I think you can decide to stay here, create more fiction, stay on your
computer, and do the things you’ve been doing.’
Silence again.
‘But you want me to go back.’
‘I think,’ she
said, ‘that you want to return. That you
want to find someone. I cannot promise that you will find her. But I know this,
that you have more to offer than you think you do.’
I nodded and sighed. Waking up would not be nearly as hard
as committing to someone had been, but it was sunny and windy in here, and
waking up would be heading back to paid and the fear of more loss.

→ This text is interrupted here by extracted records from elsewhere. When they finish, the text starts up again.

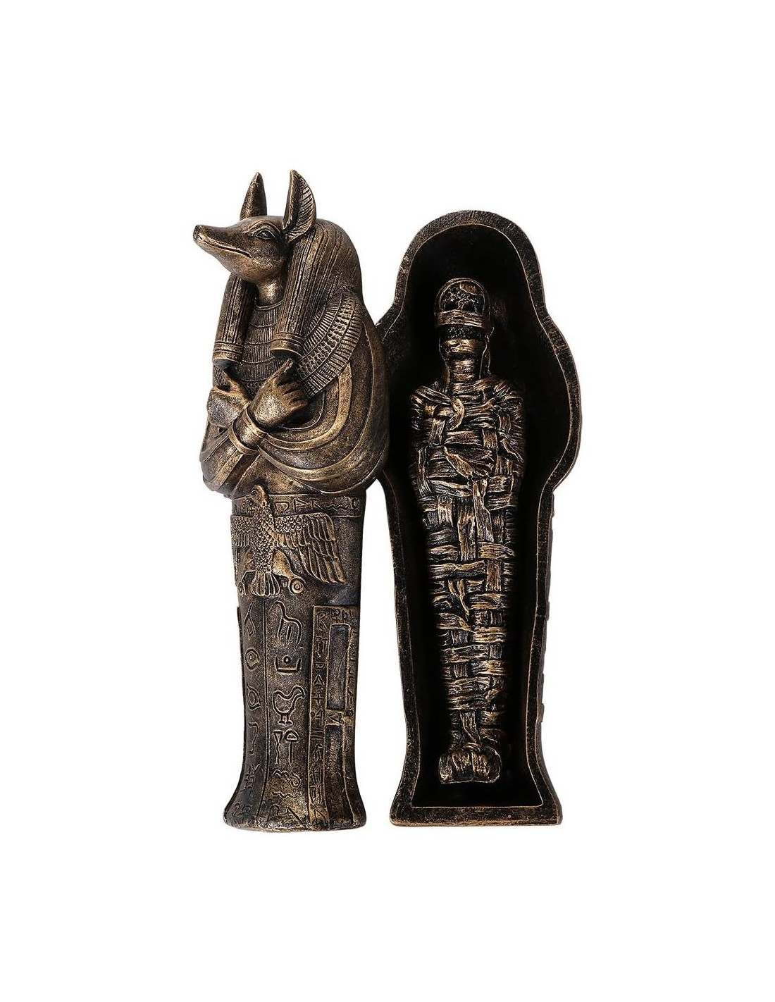 Artefacto egipcio coleccionable que presenta el sarcófago del Dios del Inframundo Anubis con una figura de momia insertada. Hecho de resina de alta calidad y pintado a mano individualmente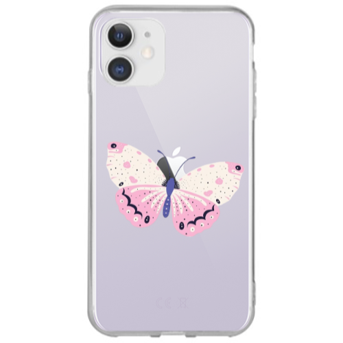 Apple iPhone 12 Pembe Kelebek Black Glossy Telefon Kılıfı
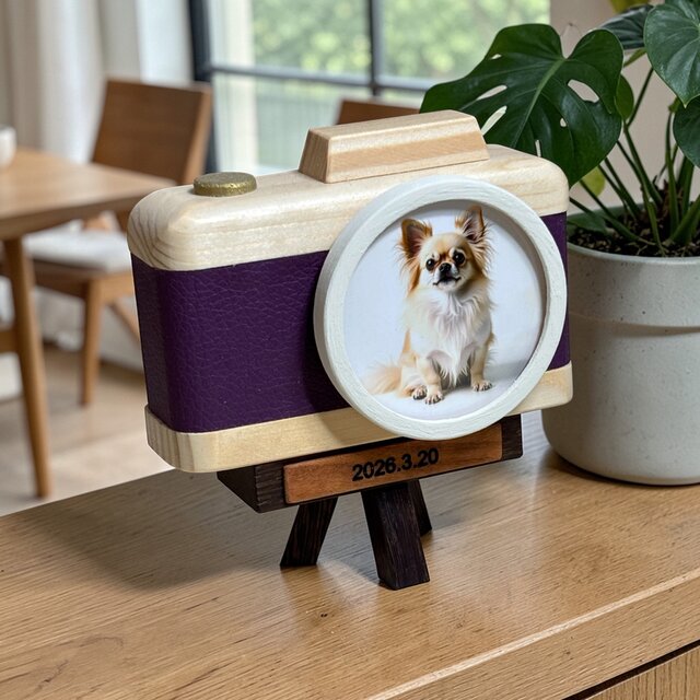 カメラのレンズ部分がそのままフォトフレームになっている遊び心あふれるデザインは、デスクやリビングに置くだけで、ふとした瞬間に笑顔を届けてくれます。
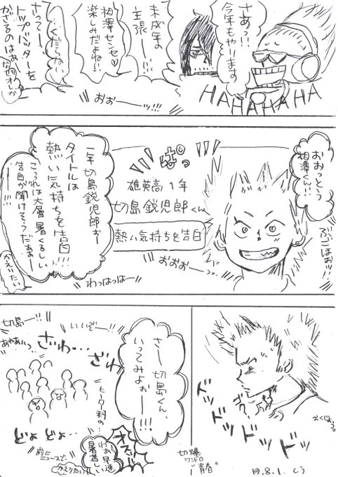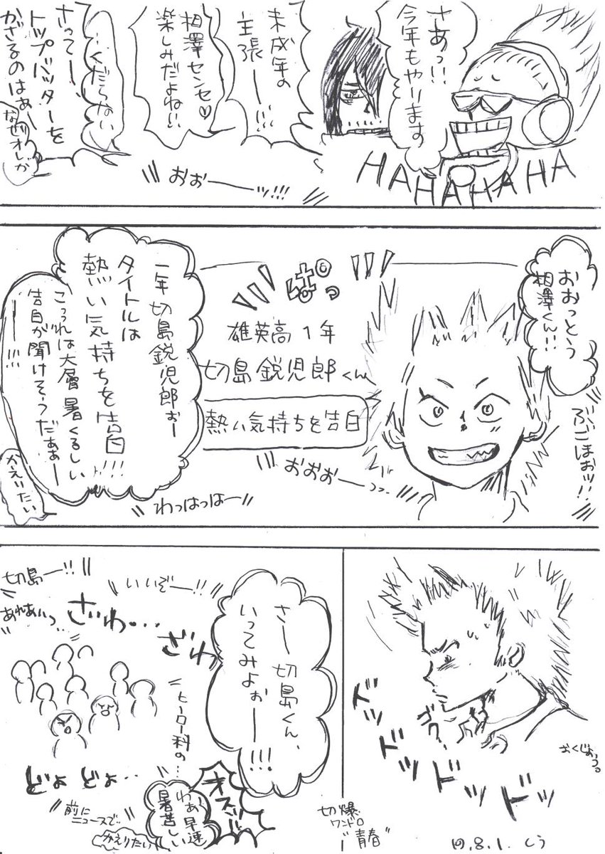 発掘埋没落描きで切爆ワンドロ過去お題便乗シリーズ:8 #切爆版深夜のワンドロ一本勝負 第174回お題:担当 ・かつきが犬(個性事故) ・切爆みゼロ ・切島不在 ・A組わちゃわちゃ くだらなくて本当にすみません。

I stood up,
and she did the same, and we looked for a long moment into each other’s faces.
‘Tell me one last thing,’ I said. ‘Is this real? Or has this
been happening inside my head?’
She beamed at me, and her voice sounded loud and musical in
my ears even though the Sun was getting dimmer, obscuring her figure.
‘Of course it is happening inside your head. But why on Earth should that mean it is not real?’